YOUR ASSIGNMENT:
The records that follow should be returned exactly, pictures excluded.

▬▬▬▬▬▬▬▬▬▬

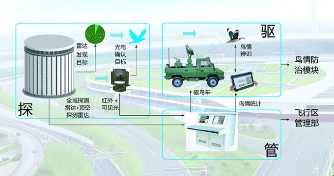 是基于雷达探测技术可对机场周边鸟情进行全天时、全天候的探测和识别,对进入机场净空区域的鸟类实时报警,并联动飞行区现有驱鸟设备,对该区域的鸟类进行驱离,最大限度减少鸟击事故发生。
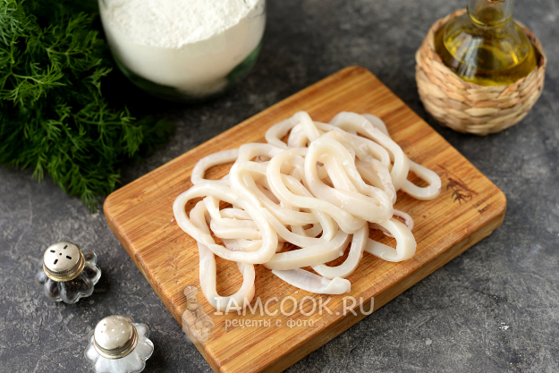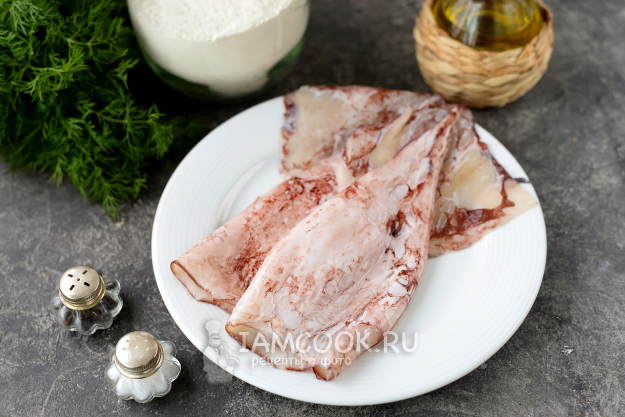 Для приготовления жареных кальмаров в муке нам понадобятся все продукты, что на фото. Разморозьте кальмаров при комнатной температуре, удалите внутренности и хитиновую жилку, промойте тщательно.
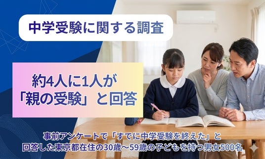 そこで今回、中学受験に役立つ情報提供サービスを展開する「中学受験ノートだぞう」と共同で、東京都内在住で「すでに中学受験を終えた」と回答した30歳~59歳の保護者500名を対象に、「中学受験に関するアンケート調査」を実施しました。
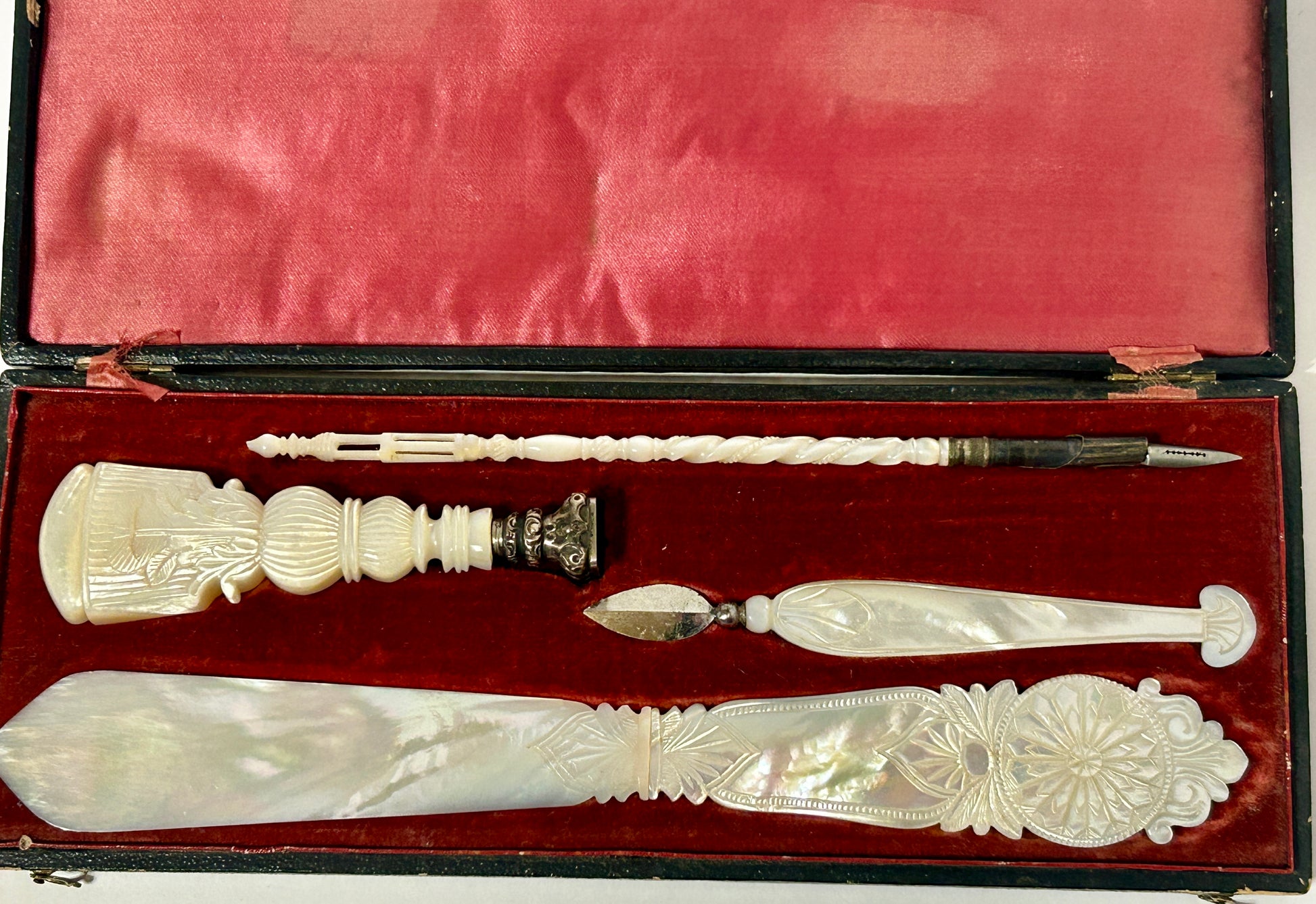 ANTIQUE MOTHER OF PEARL 4 PIECE DESK SET WITH 9" LETTER OPENER IN ORIGINAL CASE. SHIPPING CHARGES ARE EXTRA SO CALL OR TEXT TO GET SHIPPING CHARGE TO YOUR ADDRESS
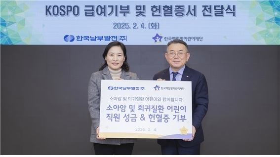 한국남부발전이 지난 4일 투병생활로 어려움을 겪고 있는 소아암·희귀병 아동들을 돕기 위해 직원 성금과 헌혈증을 한국백혈병어린이재단에 기부했다고 밝혔다.
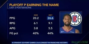 乔治出战43分钟,26投9中,其中三分球11中3,得到27分15篮板8助攻。
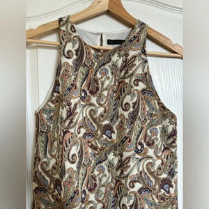 This printed dress is absolutely eye catching with a retro feel! A lovely pattern on a classic cut mini dress. Keyhole back with button closure.
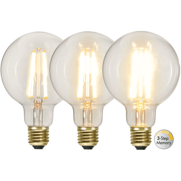 En av våra ljuskällor med 3-stegs dimmer. Globformad ljuskälla med 3-stegs klickdimring med minnesfunktion! Ljusstyrkan ändras enkelt genom slå av och på strömbrytaren. Välj mellan 70lm - 350lm - 700lm. Ljusfärgen är 2100K och sockeln är E27. Startar på senast använda ljusstyrkan.
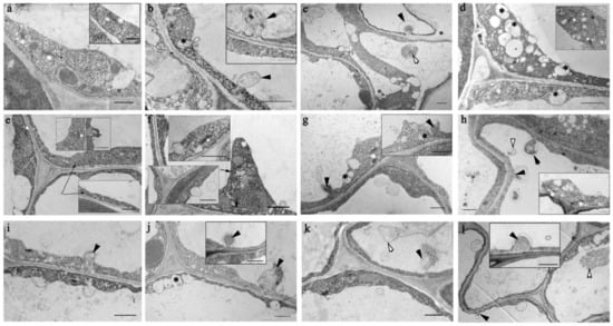 Transmission electron micrographs of root cells of 4-day-old seedlings of A. thaliana WT (a–d) and Atflot1ko knockout mutant (e–l) grown either in the absence (a,b,e–h) or in the presence (c,d,i–l) of NaCl. Black asterisks indicate multivesicular bodies (MVBs), white asterisks indicate Golgi complexes (GCs), black short arrows indicate paramural bodies (PMBs), white short arrows indicate derivatives of paramural bodies (PMBDs), and black long arrow indicate the ER. Scale—1 µm.
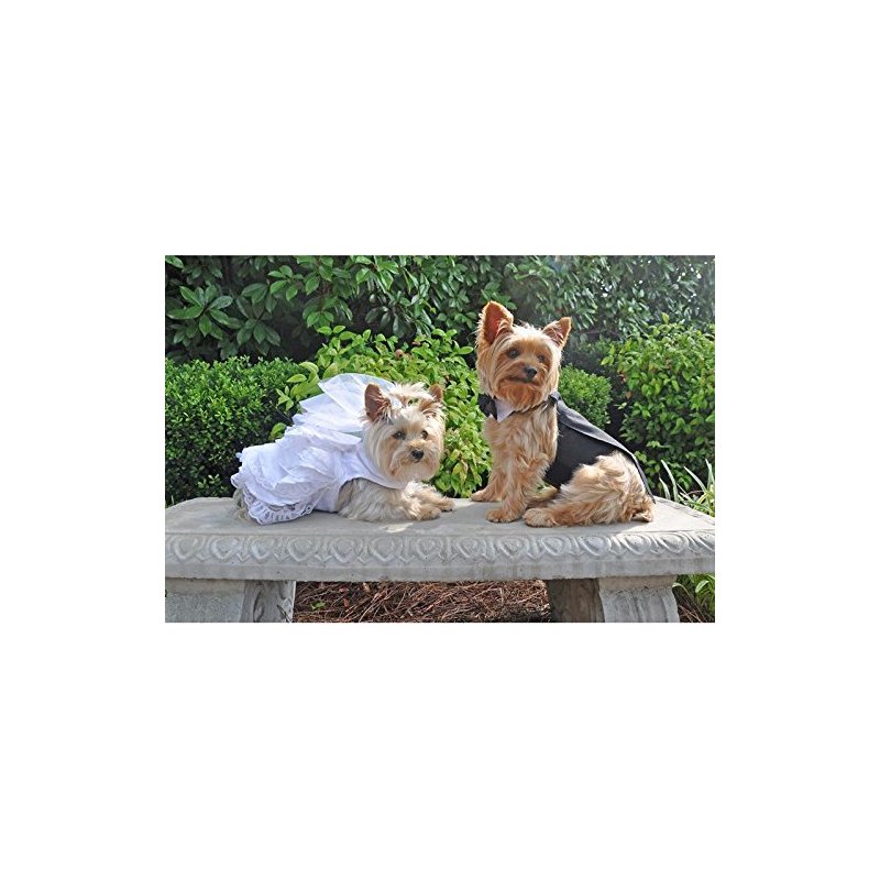- Includes a matching White Satin Leash. Bridal gown set also comes with a matching wedding veil
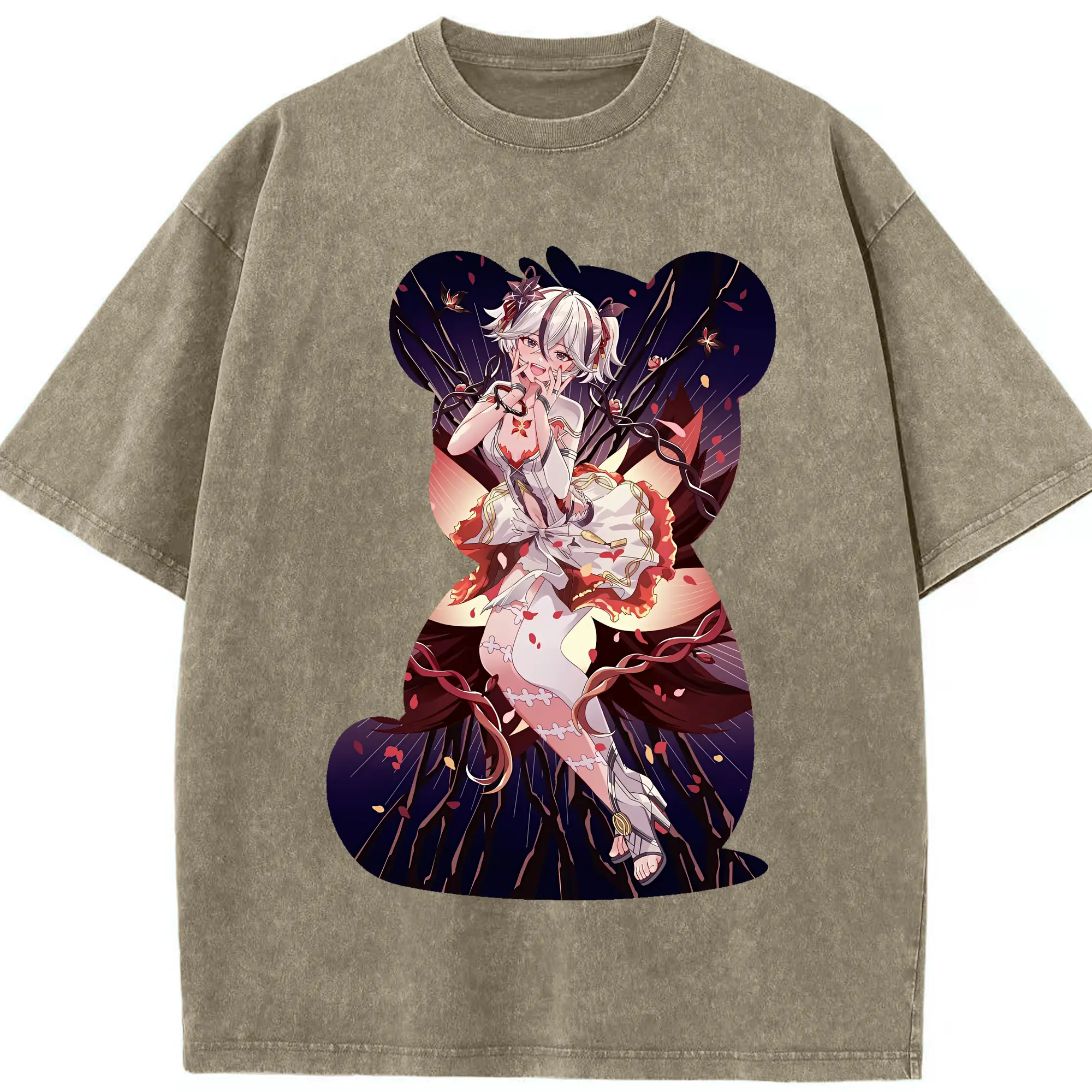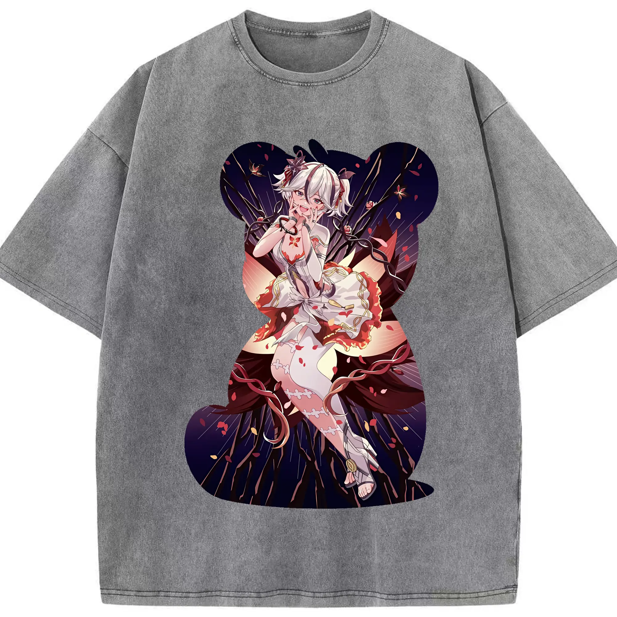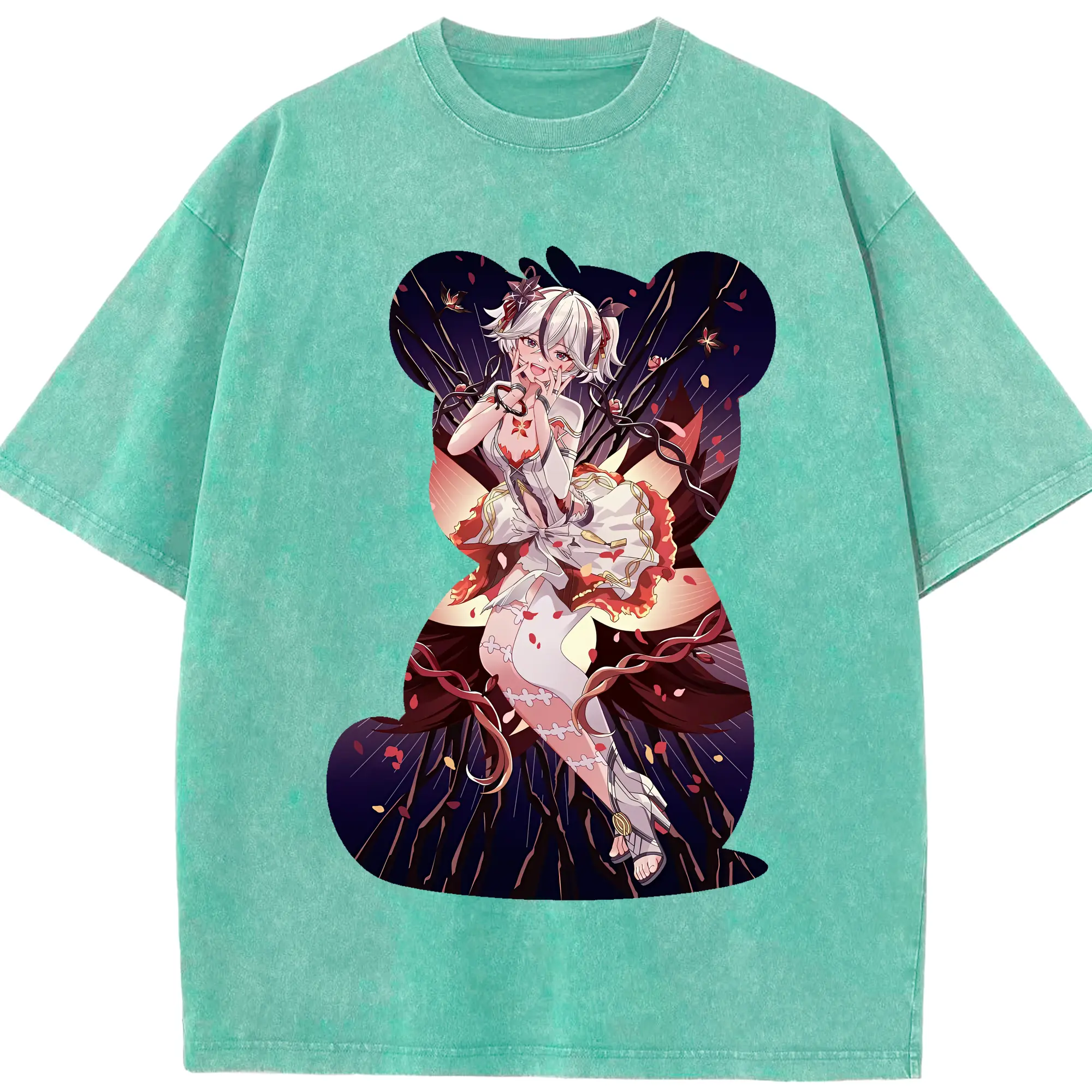 鳴潮 グッズ ツバキ - 綿100% ヴィンテージ風 半袖Tシャツ ・ 背面プリント ・ 柔らか肌触り ・ 通気性 快適 ・ スポーツ カジュアル 外出用

▬▬▬▬▬▬▬▬▬▬

WRITTEN REPLY:
 是基于雷达探测技术可对机场周边鸟情进行全天时、全天候的探测和识别,对进入机场净空区域的鸟类实时报警,并联动飞行区现有驱鸟设备,对该区域的鸟类进行驱离,最大限度减少鸟击事故发生。
 Для приготовления жареных кальмаров в муке нам понадобятся все продукты, что на фото. Разморозьте кальмаров при комнатной температуре, удалите внутренности и хитиновую жилку, промойте тщательно.
 そこで今回、中学受験に役立つ情報提供サービスを展開する「中学受験ノートだぞう」と共同で、東京都内在住で「すでに中学受験を終えた」と回答した30歳~59歳の保護者500名を対象に、「中学受験に関するアンケート調査」を実施しました。
 ANTIQUE MOTHER OF PEARL 4 PIECE DESK SET WITH 9" LETTER OPENER IN ORIGINAL CASE. SHIPPING CHARGES ARE EXTRA SO CALL OR TEXT TO GET SHIPPING CHARGE TO YOUR ADDRESS
 한국남부발전이 지난 4일 투병생활로 어려움을 겪고 있는 소아암·희귀병 아동들을 돕기 위해 직원 성금과 헌혈증을 한국백혈병어린이재단에 기부했다고 밝혔다.
 乔治出战43分钟,26投9中,其中三分球11中3,得到27分15篮板8助攻。
 This printed dress is absolutely eye catching with a retro feel! A lovely pattern on a classic cut mini dress. Keyhole back with button closure.
 En av våra ljuskällor med 3-stegs dimmer. Globformad ljuskälla med 3-stegs klickdimring med minnesfunktion! Ljusstyrkan ändras enkelt genom slå av och på strömbrytaren. Välj mellan 70lm - 350lm - 700lm. Ljusfärgen är 2100K och sockeln är E27. Startar på senast använda ljusstyrkan.
 Transmission electron micrographs of root cells of 4-day-old seedlings of A. thaliana WT (a–d) and Atflot1ko knockout mutant (e–l) grown either in the absence (a,b,e–h) or in the presence (c,d,i–l) of NaCl. Black asterisks indicate multivesicular bodies (MVBs), white asterisks indicate Golgi complexes (GCs), black short arrows indicate paramural bodies (PMBs), white short arrows indicate derivatives of paramural bodies (PMBDs), and black long arrow indicate the ER. Scale—1 µm.
- Includes a matching White Satin Leash. Bridal gown set also comes with a matching wedding veil
 鳴潮 グッズ ツバキ - 綿100% ヴィンテージ風 半袖Tシャツ ・ 背面プリント ・ 柔らか肌触り ・ 通気性 快適 ・ スポーツ カジュアル 外出用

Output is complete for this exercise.